[RECORDED INFORMATION]
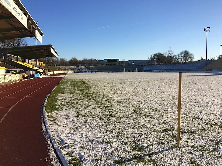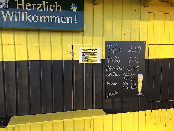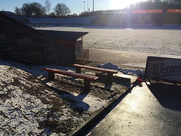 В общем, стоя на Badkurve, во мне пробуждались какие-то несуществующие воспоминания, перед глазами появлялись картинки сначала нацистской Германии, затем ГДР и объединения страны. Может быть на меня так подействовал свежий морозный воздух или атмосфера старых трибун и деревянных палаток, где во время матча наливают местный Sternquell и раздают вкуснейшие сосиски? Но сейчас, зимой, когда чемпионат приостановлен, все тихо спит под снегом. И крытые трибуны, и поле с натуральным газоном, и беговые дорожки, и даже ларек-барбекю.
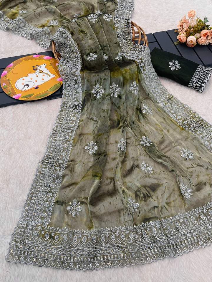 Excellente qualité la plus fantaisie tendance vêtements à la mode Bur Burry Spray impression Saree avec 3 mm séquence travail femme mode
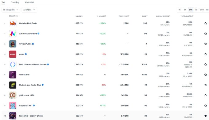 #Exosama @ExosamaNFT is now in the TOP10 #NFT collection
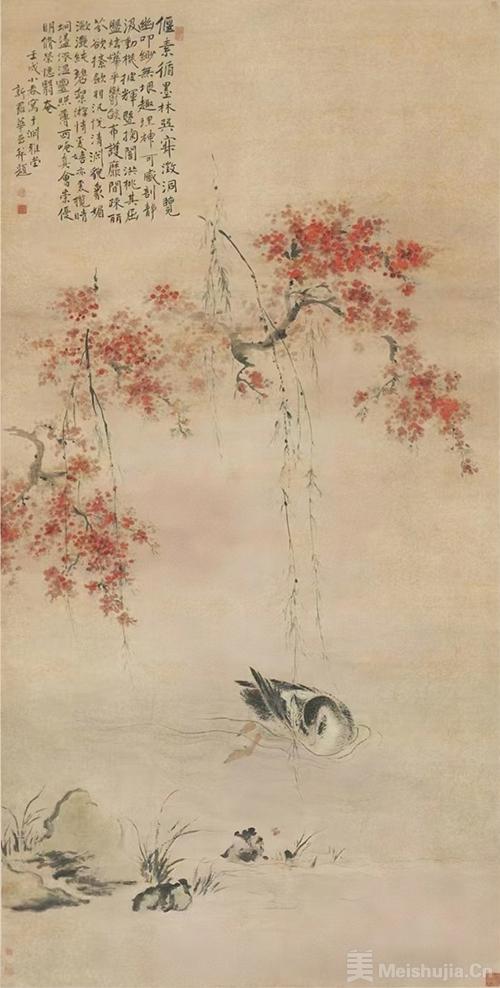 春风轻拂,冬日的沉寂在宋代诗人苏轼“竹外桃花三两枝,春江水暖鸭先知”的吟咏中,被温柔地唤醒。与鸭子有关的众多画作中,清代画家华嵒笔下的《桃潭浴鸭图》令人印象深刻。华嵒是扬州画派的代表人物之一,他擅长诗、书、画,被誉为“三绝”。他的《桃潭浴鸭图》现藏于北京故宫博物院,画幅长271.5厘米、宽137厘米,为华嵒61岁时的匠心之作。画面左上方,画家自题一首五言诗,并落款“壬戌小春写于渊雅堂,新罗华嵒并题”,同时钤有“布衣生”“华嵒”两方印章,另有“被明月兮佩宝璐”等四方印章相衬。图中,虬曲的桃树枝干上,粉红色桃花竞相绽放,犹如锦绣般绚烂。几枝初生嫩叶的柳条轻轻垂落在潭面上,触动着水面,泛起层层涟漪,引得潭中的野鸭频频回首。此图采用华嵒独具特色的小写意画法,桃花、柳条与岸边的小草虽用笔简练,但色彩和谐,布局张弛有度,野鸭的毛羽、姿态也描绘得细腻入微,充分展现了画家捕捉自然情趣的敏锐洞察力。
[/RECORDED INFORMATION]
ABOUT THIS EXERCISE:
Copy each line above precisely, dropping the pictures.

PROBLEM SOLUTION:
 В общем, стоя на Badkurve, во мне пробуждались какие-то несуществующие воспоминания, перед глазами появлялись картинки сначала нацистской Германии, затем ГДР и объединения страны. Может быть на меня так подействовал свежий морозный воздух или атмосфера старых трибун и деревянных палаток, где во время матча наливают местный Sternquell и раздают вкуснейшие сосиски? Но сейчас, зимой, когда чемпионат приостановлен, все тихо спит под снегом. И крытые трибуны, и поле с натуральным газоном, и беговые дорожки, и даже ларек-барбекю.
 Excellente qualité la plus fantaisie tendance vêtements à la mode Bur Burry Spray impression Saree avec 3 mm séquence travail femme mode
 #Exosama @ExosamaNFT is now in the TOP10 #NFT collection
 春风轻拂,冬日的沉寂在宋代诗人苏轼“竹外桃花三两枝,春江水暖鸭先知”的吟咏中,被温柔地唤醒。与鸭子有关的众多画作中,清代画家华嵒笔下的《桃潭浴鸭图》令人印象深刻。华嵒是扬州画派的代表人物之一,他擅长诗、书、画,被誉为“三绝”。他的《桃潭浴鸭图》现藏于北京故宫博物院,画幅长271.5厘米、宽137厘米,为华嵒61岁时的匠心之作。画面左上方,画家自题一首五言诗,并落款“壬戌小春写于渊雅堂,新罗华嵒并题”,同时钤有“布衣生”“华嵒”两方印章,另有“被明月兮佩宝璐”等四方印章相衬。图中,虬曲的桃树枝干上,粉红色桃花竞相绽放,犹如锦绣般绚烂。几枝初生嫩叶的柳条轻轻垂落在潭面上,触动着水面,泛起层层涟漪,引得潭中的野鸭频频回首。此图采用华嵒独具特色的小写意画法,桃花、柳条与岸边的小草虽用笔简练,但色彩和谐,布局张弛有度,野鸭的毛羽、姿态也描绘得细腻入微,充分展现了画家捕捉自然情趣的敏锐洞察力。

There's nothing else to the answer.